BY LINCOLN ANDERSON | We all know their photos by now: The “QAnon Shaman,” the Brooklyn judge’s bearskin-bedecked son, the goofily grinning guy toting off Nancy Pelosi’s lectern.

These treasonous miscreants, who have all been arrested, are just a few of the Trump supporters who stormed the Capitol on Jan. 6 in a shocking day of rage that left five people dead and the entire world aghast.

An Ohio Minuteman displays his patches, including the distinctive Armor of Guard, at the Unite the Right rally in Charlottesville in 2017. (Photo by John Penley)

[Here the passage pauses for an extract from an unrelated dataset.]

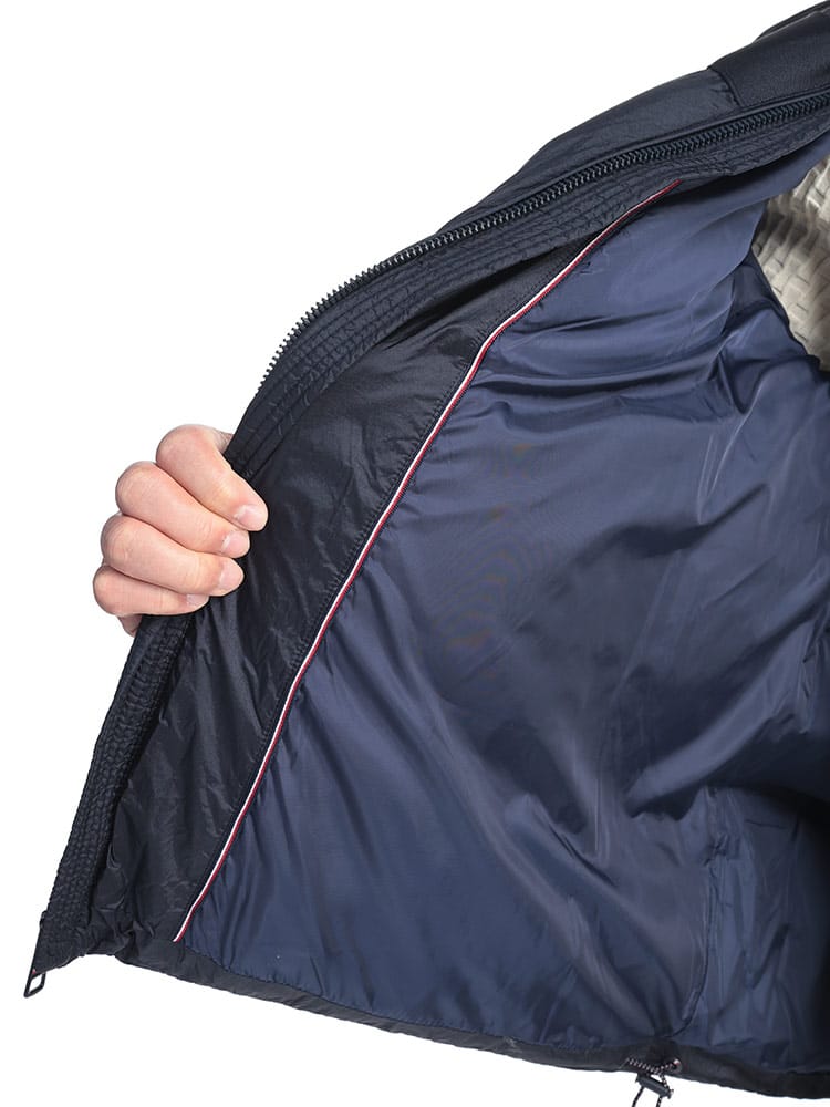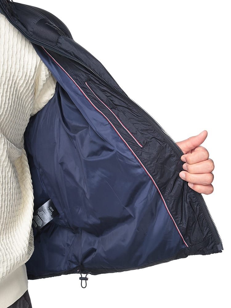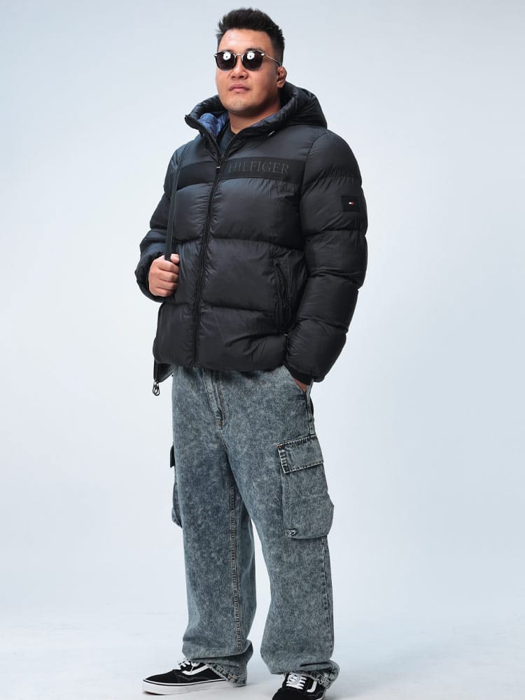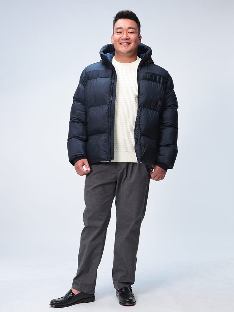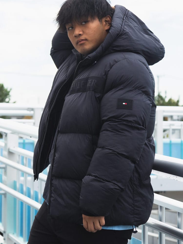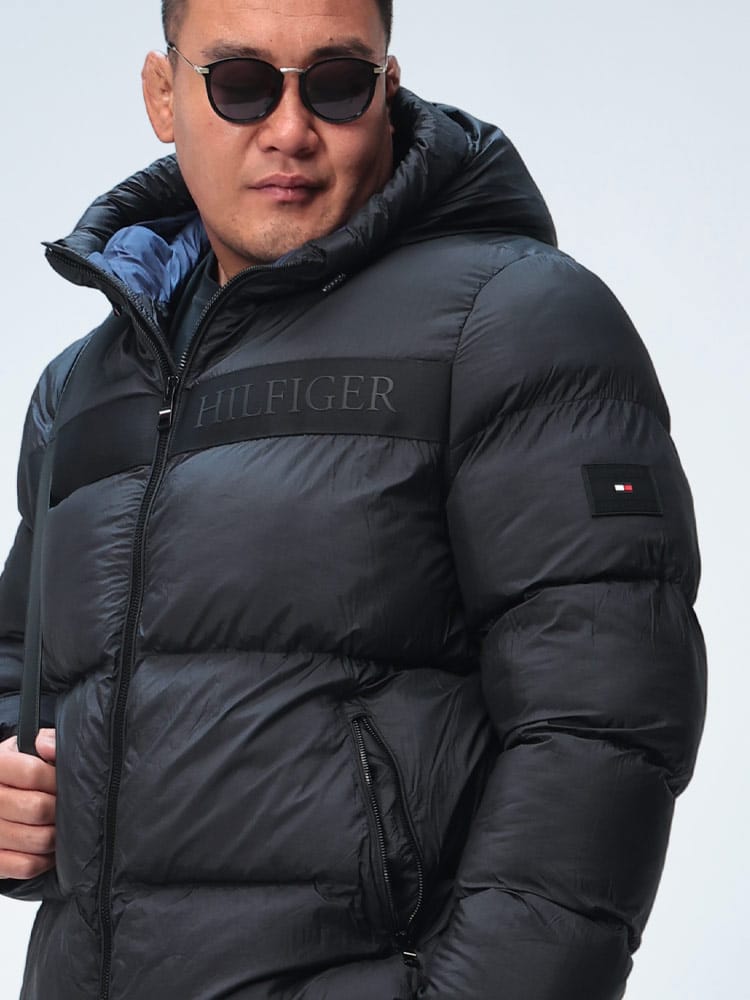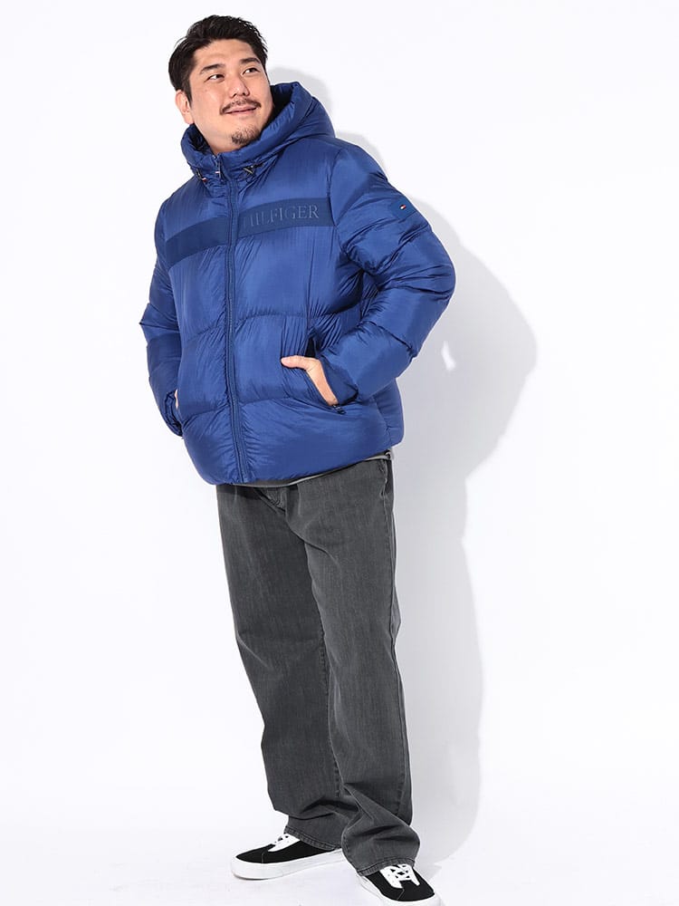 胸元のヒルフィガーロゴテープが目を惹く中綿ジャケットです。

But what about the potentially far more dangerous militia members who invaded the U.S. seat of government? Is law enforcement hunting them down, too, and with the same urgency? That’s what a photojournalist who covered the turmoil during Donald Trump’s presidency and its campaign lead-up was wondering recently.

That is, wondering until this Tuesday, when it was reported that federal prosecutors had filed conspiracy charges against three members of the Oath Keepers, an extremist, gun-loving group claiming thousands of members around the country. According to news reports, the complaint says the trio planned and coordinated prior to the Jan. 6 Capitol attack.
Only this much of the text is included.